Can Data Mining and Privacy Coexist?

11/1/2008 November 2008

DATA MINING may have the laudable goal of helping the government catch potential terrorists, money launderers, or other criminals, but it is a controversial practice because it is perceived as violating the privacy rights of innocent people, and its effectiveness is also questioned.

To address concerns and to gather information in anticipation of compiling a report to Congress, the Department of Homeland Security (DHS) recently held a workshop on privacy protection in data mining. Attendees included policy, academic, and technology experts. Among the issues discussed were how to define the term “data mining,” how to assess effectiveness, and how to better protect privacy.

Panelist David Jensen, director of the Knowledge Discovery Laboratory at the University of Massachusetts Amherst, pointed out that the term is easily misinterpreted. Although the simplest definition states that data mining takes data, filters it, and applies models to it, such descriptions are incomplete.

It’s important to remember that data mining entails drawing inferences from interconnected sets of data, in a multistage process, says Jensen. Conclusions drawn from data mining are not determinative of fact (such as definitively pinpointing a terrorist), instead they provide a probability of future events, he says. Jensen also explained that there are two major types of data mining: subject-based and pattern-based. Subject-based data mining targets a specific search topic, such as a suspect’s name, while pattern-based data mining goes after a broader category of data, such as searching for everyone who bought plane tickets for flights to a certain country.

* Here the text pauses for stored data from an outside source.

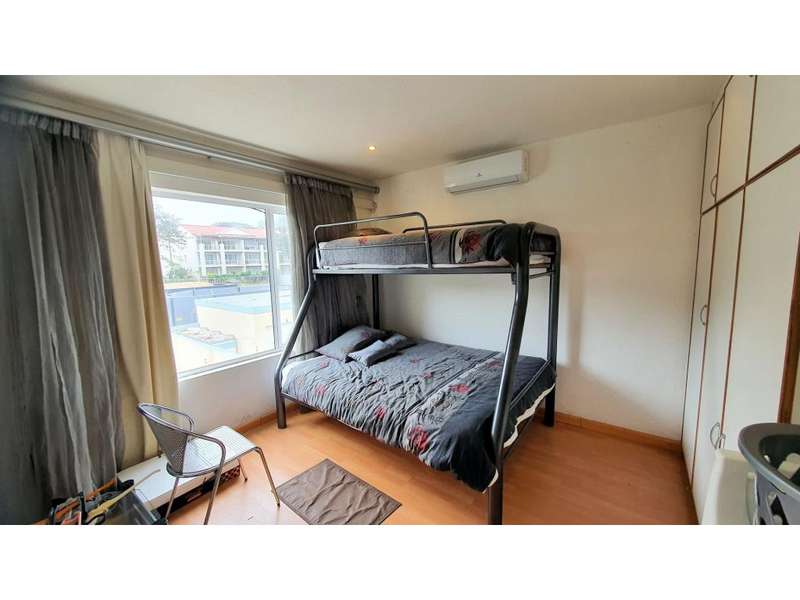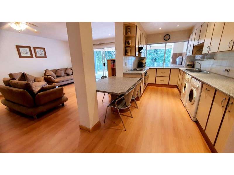 This modern complex has direct access to St Michael?ÇÖs main beach. The open plan lounge, dining room is spacious with sliding doors that take you out onto the large covered patio with its built in braai. The modern kitchen is well designed with breakfast counter, down lighters and a large sliding window that opens onto the patio. Two of the bedrooms are air conditioned. The main bedroom is en-suite and has sliding doors that gives you direct access to the patio. This apartment is spacious and is in a small complex with only six units. Each unit has its own lock up garage. The complex has a swimming pool, good security and is well managed. If you are looking for something on the beach, then this needs to be on your viewing list.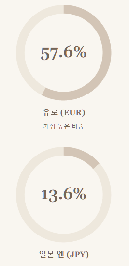 - 유로(EUR): 57.6% - 가장 높은 비중을 차지해요. 유럽 경제의 규모와 영향력을 엿볼 수 있죠.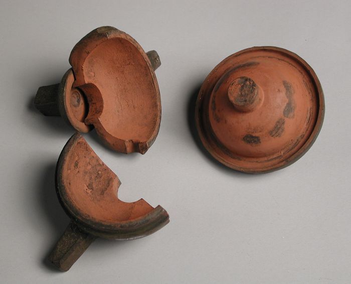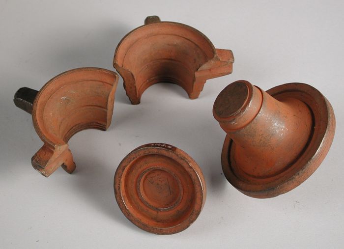 Drie delen van vierdelige bronzen mal voor een bekertje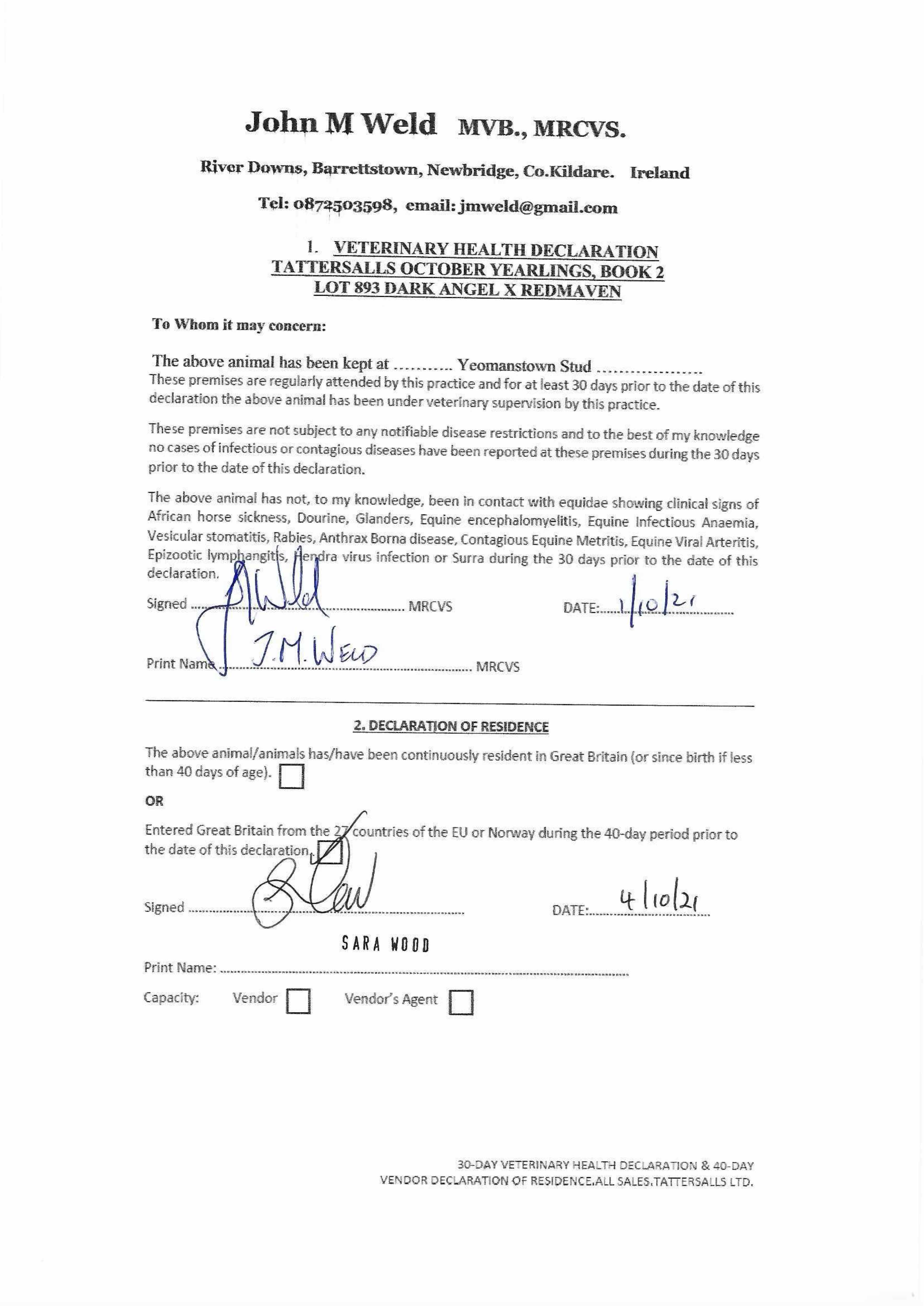 Consignor: Yeomanstown Stud, Ireland

Privacy experts are more concerned with the pattern-based searches than with subject-based searches. For example, Peter Swire, a law professor at Ohio State University’s Moritz College of Law and senior fellow at the Center for American Progress, said that there is an “extra level of concern about the ‘dragnet’ quality” of pattern-based searches and that the lack of certain safeguards is dangerous.

Others questioned data mining’s effectiveness. Fred Cate, director of the Center for Applied Cybersecurity Research at Indiana University, said that as it is currently being carried out, data mining wastes resources and exposes too many innocent people to the potential of being wrongly detained or incarcerated without due process, and as a result of those flaws, threatens to discredit the practice entirely.

Cate recommends that Congress pass data-mining legislation that would establish restrictions on what types of data-mining programs can be implemented by government agencies. The legislation should also establish oversight mechanisms to ensure that data-mining programs comply with the new legal restrictions.

Barry Steinhardt, director for American Civil Liberties Union’s Program on Technology and Liberty, agreed that the laws governing these issues should be updated and that better oversight is needed, but he took an even harder line, saying there are an “awful lot of reasons to suspect here that there is not really any law enforcement benefit to this…. The chance that data mining will be able to identify a terrorist is very small with an enormous… [potential for] false positives.”

Experts acknowledge that data mining’s effectiveness is hard to prove at this stage, because the technologies are relatively young. As Jensen explained, “if you compare data mining to airplane design, we’re just out of the Wright Brothers stage.” He added, there are “many types of data that we don’t know how to examine effectively.”

It’s hard to have a computer or algorithm pull things out of data that actually have meaning, the same way a human can, because computers are limited to numeric and symbolic models, Jensen noted.

The panelists stressed the importance of research to determine which data-mining models are effective. However, it’s difficult to figure out how to conduct research with real data without causing privacy concerns from the get-go.

Although some researchers have proposed using synthetic data that mimics the desired data sets, it is unclear whether fake data would really help. Jensen said that you don’t necessarily need an enormous amount of data to find out whether a certain model is working. Swire disagreed; he said research would require more data rather than less, to see what works. But, he added, “If we create a research exception, everyone will call their work research.”

A major concern is what to do when an innocent person gets caught in the data-mining net. An appropriate redress process is essential for privacy protection, said panelists Cate and Steinhardt. Both see redress as an opportunity to bring more transparency to the program and build the public’s confidence. “Until there is some degree of genuine due process here, I don’t think there’s going to be a whole lot of public confidence,” said Steinhardt.

Redress and transparency are difficult to obtain in government data-mining programs, however, in part because the government is concerned that classified national security secrets will be divulged. But, there are ways to have privacy and oversight without compromising security, such as with Inspector General reports, auditors, and privacy offices, according to Cate. He added that the public tends to be understanding about national security issues.